Today sees the digital release of Genosha 13: The Easy Money Remix EP (http://goo.gl/ODU4a). This should please many fans and frienemies because none of these tracks from the 2x12" have ever been available in digital format before.
Get it here:
http://goo.gl/ODU4a his release was anything but easy to cobble together. Trying to organize eight separate artists (ten if you count groups) into a well-oiled remixing machine is about as difficult as completing the last level of the first Driver game on the Playstation.
We developed the idea to do a remix EP quite a while ago. We were determined to make it a double 12". The reason for us wanting it to be two discs was that it would allow us to include remixes that we were really into but wouldn't necessarily 'sell' very well. This might sound like a marketing stratagem, but only because it is.
The first remix we got sent was an early version of Chaosbringer's Machine Slavery remix. Julien completely redid the remix 2 or 3 times, I think, but the final version was finished early 2006. The eerie drum & bass breakdown in this remix is nothing short of amazing. I have had it on repeat for hours before and it still blows me away.
Producer's remix was finished within three days of receiving the sample pack. For those of you that don't already know this: Luke McMillan is a beast. With horns.
When giving Fracture 4 the samples for the Prophet of Rage I fully expected him to churn out a 200+ BPM monster. Insteads it's very deep and dark and it takes everything in exactly the opposite direction of what I'd done myself. Sometimes thing just don't really go as planned. I love Stef.
Ophidian is a busy dude. He butterflies all around the world, produces almost the entire Cardiac catalog all by himself, and somehow still managed to deliver us this remix. He, and a lot of the other remixers, related to us that they felt a lot of pressure while working on the remix. The fact that he thought that way about this makes us feel all warm and tingly inside. I'm sure we'll feel tons of pressure when finishing the remix we've already started for him, too. Oh, I should say I particularly like the off-beat breakdown and the use of Battlestar Galactica samples in this remix. Motherfracker. Oh, and also... don't get smart with us. The 1970s version of BSG spells Frack with a C.

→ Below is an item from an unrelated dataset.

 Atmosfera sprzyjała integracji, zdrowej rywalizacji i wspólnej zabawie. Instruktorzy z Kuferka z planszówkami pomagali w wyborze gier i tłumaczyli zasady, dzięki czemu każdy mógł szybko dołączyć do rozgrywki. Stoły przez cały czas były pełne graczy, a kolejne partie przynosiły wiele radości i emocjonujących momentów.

Nosferatu asked us to remix Black Lectroid because of one simple reason: he is all about drum & bass. This was a perfect excuse for him to take it one step further. Erwin was also one of the fast-turnaround producers. We love fast-turnaround producers. Also, we're still trying to figure out how he managed to make the kickdrum sound like a Nosferatu kickdrum. We hope to see more of Erwin's drum & bass side show up in his future work. (And I know we will.)

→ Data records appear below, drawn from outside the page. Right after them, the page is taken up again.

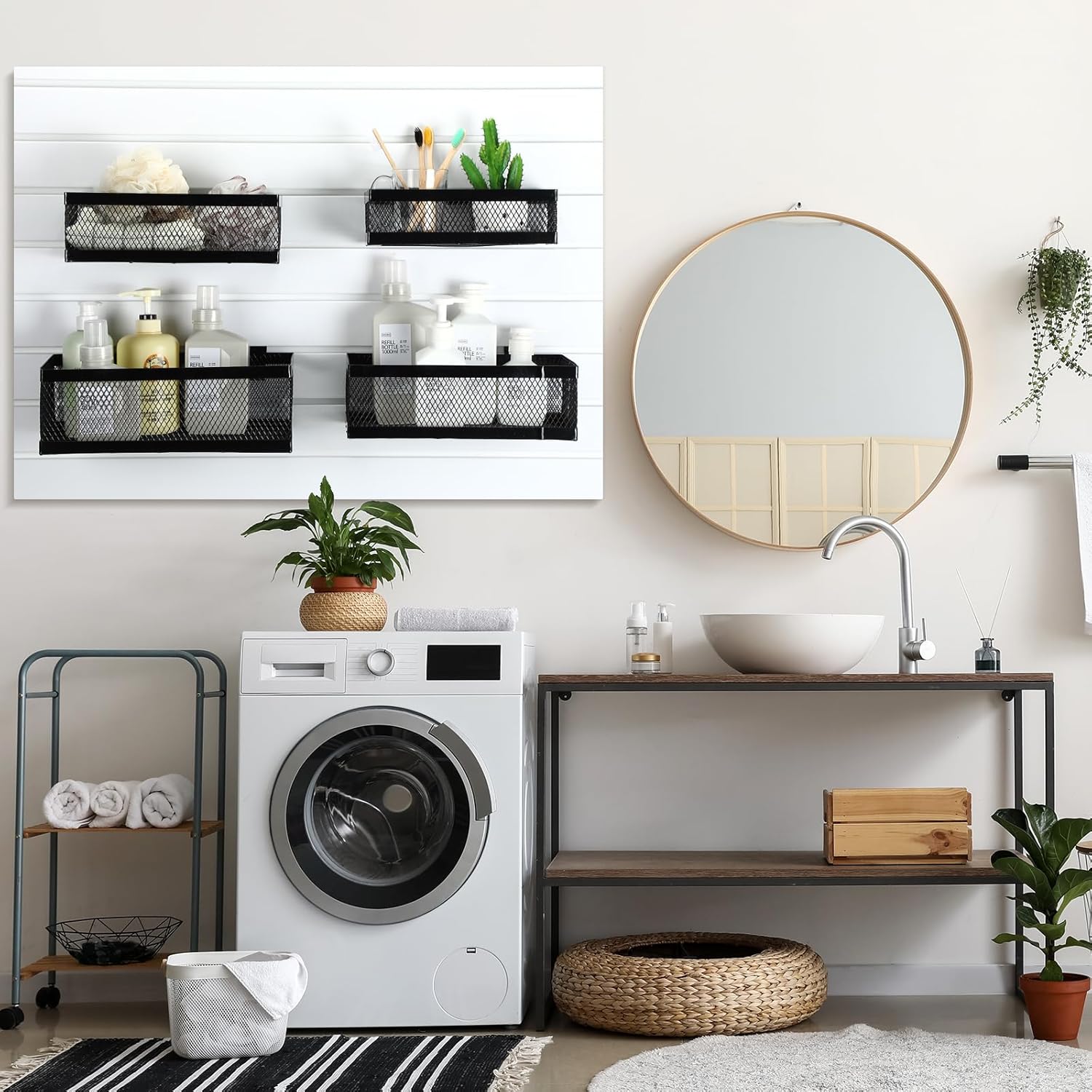 - Nice Organization Tool: designed for organization, these slatwall panel baskets in 4 sizes provide different solutions for various items storage; They are easy to install, can hold a decent weight, and consequently, they offer an efficient organization system; The baskets' durable and sturdy construction, coupled with their artistic craftsmanship, ensures that they do not deform easily, fit for home, office, shops, and stores alike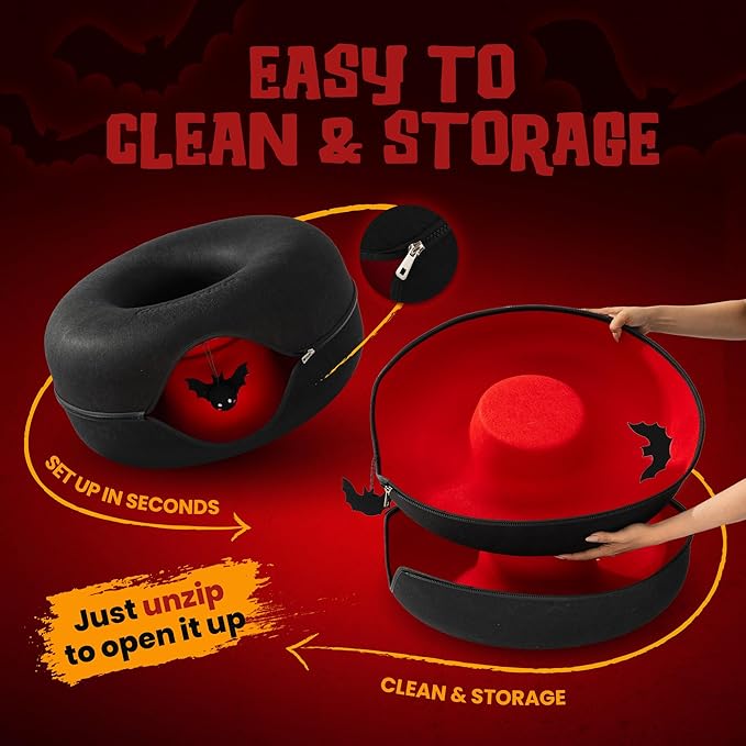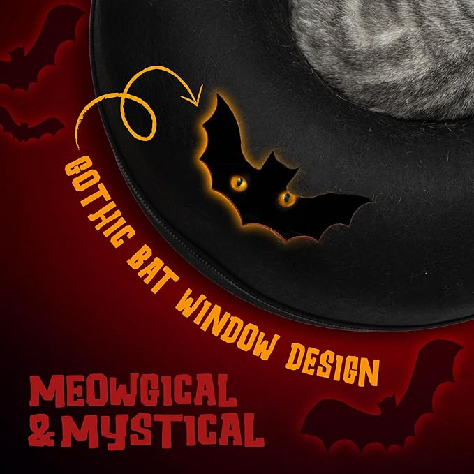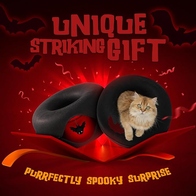 Cattasaurus Halloween Peekaboo Cat Cave for Multiple & Large Cats Up to 30-45 Lbs, Scratch Detachable & Washable Tunnel Bed, Comfy Donut Cat Cave (Gothic Bat, Large)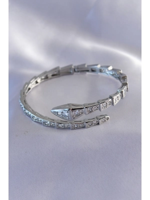 Vıp Seri Yılan Model Gümüş Renk Kadın Kelepçe Bileklik - Bamido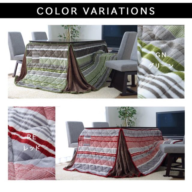 ジャガード織の凹凸感が特徴的な素材感があるこたつ布団です。お部屋の雰囲気気を崩さない淡い色目とカジュアルでお部屋に合いやすいストライプ柄にしました。ダイニング用のこたつ台にご使用いただけます。薄手なので折りたたんでもかさばらず、コンパクトに収納できます。部分暖房のコタツは電気代もおトクです。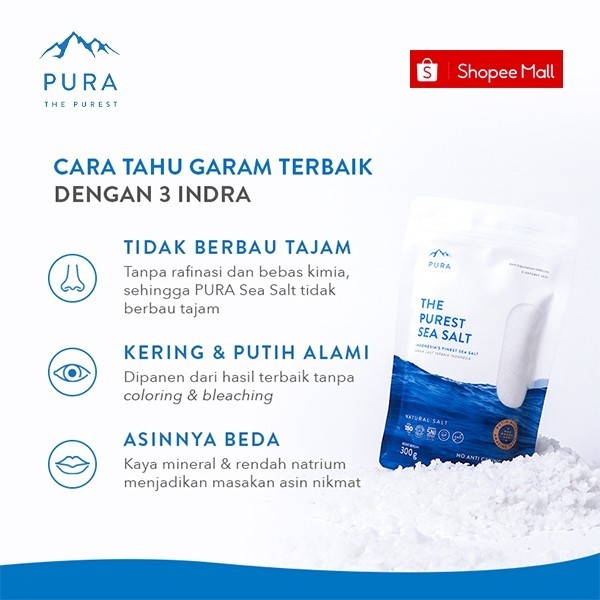Pura Sea Salt Fine (300gr) - Garam Laut Halus - Garam Organik - Garam Natural - Garam Laut Murni - Garam Sehat - Garam Rendah Natrium - Garam Sehat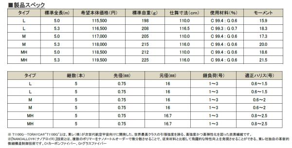また、胴調子の竿にありがちなダルい振り感も、TORAYCA(R)T1100カーボンを使用することで竿ダレが少なく、比較的操作しやすい竿に仕上がっています。そして何より、TORAYCA(R)T1100G の最強の強度によって限界まで細身にすることが可能となり、非常に粘り強い調子に仕上がりました。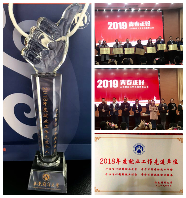 金融学院团委获得2018年度山东财经大学红旗团委、校园文化活动工作创新奖及大学生社团活动工作创新奖,团委书记陈静获得2018年度山东财经大学优秀青年工作者;我院获得2018年度就业工作先进单位,郭夕熙获得2018年度就业工作先进个人;金融学1601班团支部获得山东财经大学十佳团支部荣誉,2016级金融学创新实验班团支部、金融学1606班团支、2018级金融学创新实验班团支部、金融学1705班团支部、金融学1804班团支部、2018级金融学硕研究生团支部获得先进团支部荣誉;我院学生王文浩、于文昊获得2018年度财大最美青年荣誉,唐梓皓、张倬诚、孙艺菲获得2018年度校园文化活动先进个人;学院陈静等57人获得2018年度山东财经大学优秀共青团干部;学院张瑶等264名团员被评为2018年度山东财经大学优秀共青团员。

The Dirty remix would be classified as a triple c-section with major complications if it were a baby. Yuri from Mindustries had asked us if he could start remixing the track a long time ago, and I had agreed... but I had also mentioned how I thought it would be an extremely difficult track to remix. Plus, I also didn't have any samples for this track as everything was recorded live back when the dinosaurs still used MIDI. I'm sure they've kicked themselves quite a few times during the remix process. They completely redid the remix 5 times and we spent lots of time on the phone talking about how impossible it was to get something decent going. Somehow... After many moons had passed... the remix was suddenly finished. Every artist knows and recognizes that special moment where you realize that what you just added or changed means you can finish the track. I think that for them it meant a full-on liquid romance explosion.
I sent PetroChemical a preview of Sithspawn in 2004. They wanted to remix it badly. (Not bad meaning bad, but bad meaning good.) Until 2006 Sithspawn was just a minute and a half worth of ideas I could never seem to finish. They almost finished their remix faster than I finished the original version! I'm very happy with this remix. The use of one of the background noises from the original as a backing melody is sweet; as is the fact that they made it darker than the original. I also like how they, and many others, seemed to have wanted to replicate portions of our blueprint for hardcore tracks. We like to end a lot of tracks with a good dose of semi-bare kickdrums because that makes the otherwise complex and full-sounding tracks easier to mix out of. Oh yes, and end-bits, of course. Go Norway!
I knew Dr. Strange was all about some doomcore, but I had no idea he'd hit the nail on the head this hard. I personally wouldn't even know where to start remixing this track. This is some high-level remixing right here. It completely embodies that old Planet Core sound that we love and miss so much. It made us realize we really miss making this kind of stuff.
There was actually a ninth remix. The Weather in My Mind was supposed to be remixed by Bombardier. Unfortunately Bombardier had just come across the wonderful opportunity to do a film score. Hopefully he'll get around to taking up the project some day.
So there you have it. A year in the making. You might sit there thinking that this doesn't really sound like something that should take a year to be completed. And of course it shouldn't take that long, but all of the remixers, and us included, have lives in which "shit goes on" just like everyone else. We like our well-oiled remixing machine, but we're not going to do another one unless we can get The DJ Producer to do all the remixes. (Or unless we change our minds.)
So here it is... for the first time, in its full digital balls-in-your mouth glory.